More impactful for companies, however, is the Court’s recent decision to grant certiorari in Facebook, Inc. v. Duguid, where the Court has been tasked with clearing up the circuit split over what types of dialing equipment are considered an automatic telephone dialing system (ATDS) under the TCPA. The decision in Facebook may change the TCPA landscape forever, causing companies to either rejoice with one-less litigation headache, or have to rethink the systems used in everyday phone calls made to customers.
The TCPA defines an ATDS as “equipment which has the capacity—(A) to store or produce telephone numbers to be called, using a random or sequential number generator; and (B) to dial such numbers.” 47 U.S.C. § 227(b)(1)(A). But litigants have been arguing about the meaning (and the necessity) of a “random or sequential number generator” for a system to be considered an ATDS.
The Second and Ninth Circuits are more TCPA-plaintiff-friendly in their interpretation of this definition, using an expansive meaning of ATDS. Those circuits hold that a system does not have to randomly or sequentially generate numbers to be called in order to be considered an ATDS. In the Ninth Circuit, for example, the definition of ATDS has been expanded to include any “equipment which has the capacity…to store numbers to be called…and to dial such numbers.” Duguid v. Facebook, Inc., 926 F.3d 1146, 1151-52 (9th Cir. 2019). That definition bans a greater number of calls (and encourages more TCPA lawsuits) because it is so broad that even everyday smartphones may be encapsulated.
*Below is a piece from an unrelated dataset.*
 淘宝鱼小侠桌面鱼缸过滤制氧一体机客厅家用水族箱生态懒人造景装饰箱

Id. If the Supreme Court adopts that definition, it would likely affect companies’ determinations concerning what type of equipment to use. For example, a company might switch over to a specific type of phone system, even if that equipment is costlier or less efficient, simply because it wants to avoid potential TCPA lawsuits.
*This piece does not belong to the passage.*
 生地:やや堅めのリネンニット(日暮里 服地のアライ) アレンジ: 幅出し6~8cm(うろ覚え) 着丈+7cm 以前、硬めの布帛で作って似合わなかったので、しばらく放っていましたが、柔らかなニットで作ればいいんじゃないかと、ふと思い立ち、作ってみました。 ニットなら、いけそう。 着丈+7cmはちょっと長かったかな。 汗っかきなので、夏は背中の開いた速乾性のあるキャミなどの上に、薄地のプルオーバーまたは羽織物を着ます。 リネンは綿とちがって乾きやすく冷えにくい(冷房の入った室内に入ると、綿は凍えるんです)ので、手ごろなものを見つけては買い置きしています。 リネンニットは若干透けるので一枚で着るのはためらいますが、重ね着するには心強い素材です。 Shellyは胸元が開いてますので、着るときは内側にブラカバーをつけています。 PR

The Seventh and Eleventh Circuits interpret the definition of ATDS more narrowly and in line with the statutory definition, holding that an ATDS is a system that can send messages or make calls using a random or sequential number generator. See, e.g., Gadelhak v. AT&T Servs., Inc., 950 F.3d 458, 469 (7th Cir. 2020). In Gadelhak, that approach resulted in AT&T avoiding liability under the TCPA because its “Customer Rules Feedback Tool” neither stored nor produced numbers using a random or sequential number generator. Rather, since the AT&T system “exclusively dials numbers stored in a customer database,” it was “not an ‘automatic telephone dialing system’ as defined by the act…” Id. at 460. From a compliance perspective, if the Court adopts this narrower definition, companies would still have to make sure they are not using systems that can randomly and sequentially dial, but could potentially be less concerned about systems that merely store customer numbers and then automatically dial them. In other words, companies’ options might be greater when choosing a phone system to use and still avoid TCPA litigation.
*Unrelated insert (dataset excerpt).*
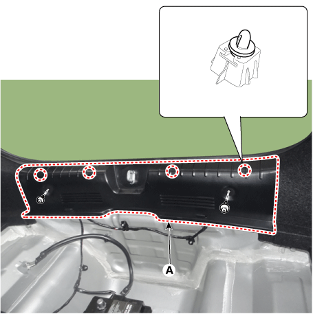 Отделите боковую обшивку багажника (А) после ослабления крепежных винтов.
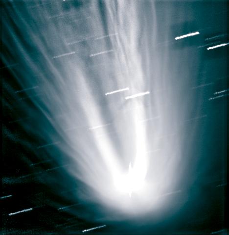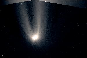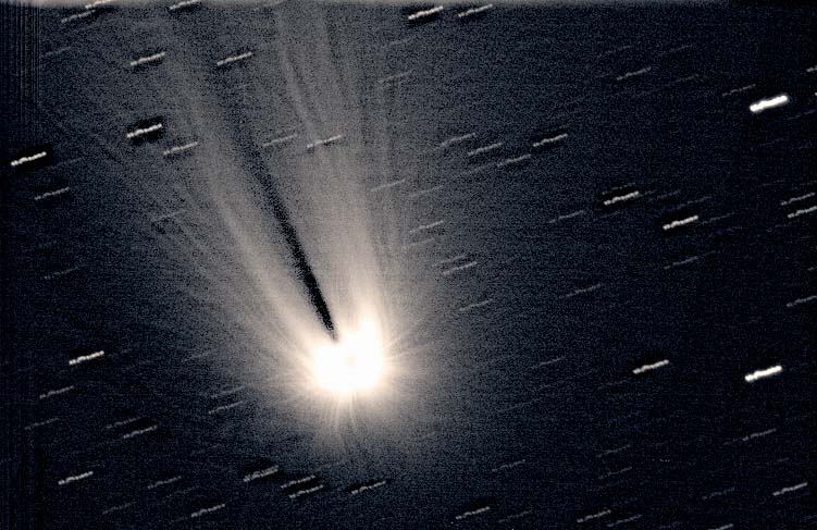 Autor: Tim Puckett Localitat: Puckett Observatory, Mountain Town (Georgia) Equip: reflector 30 cm f/6 y càmera Apogee AP-7 CCD. Composta amb 70 exposicions de 15 segons. La primera exposició es va fer a les 01:00:58 UT. Les imatges van ser processades per destacar els raigs del nucli. Copyright©1997 Tim Puckett |

The Facebook decision will be crucial in determining the scope of TCPA litigation moving forward. As it stands, plaintiffs (especially in the Ninth and Second Circuits) have wide berth to file complaints that accuse companies of using systems that merely store numbers and then automatically dial those numbers, without attention to the “random” and “sequential” nature of a true robocall. If the Court comes out on the more plaintiff-friendly side, companies can expect more TCPA cases in all jurisdictions. Companies can also expect to reevaluate their calling systems to avoid costly litigation.
Based on the Court’s decision in Barr, it seems that a disdain for robocalls spans the ideological spectrum, with conservative and liberal justices alike agreeing that the federal government debt exemption should be struck down and that robocalls are “the scourge of modern society.” But the statutory interpretation issue in Facebook might tip the scales in favor of the TCPA defense bar. It is difficult to imagine the majority of conservative justices reading more into Congress’s intent in drafting the ATDS definition than the plain language of the ATDS provision, itself. For now, companies must wait and see; the Facebook case will be decided in the October 2020 term.
This entry has been created for information and planning purposes. It is not intended to be, nor should it be substituted for, legal advice, which turns on specific facts.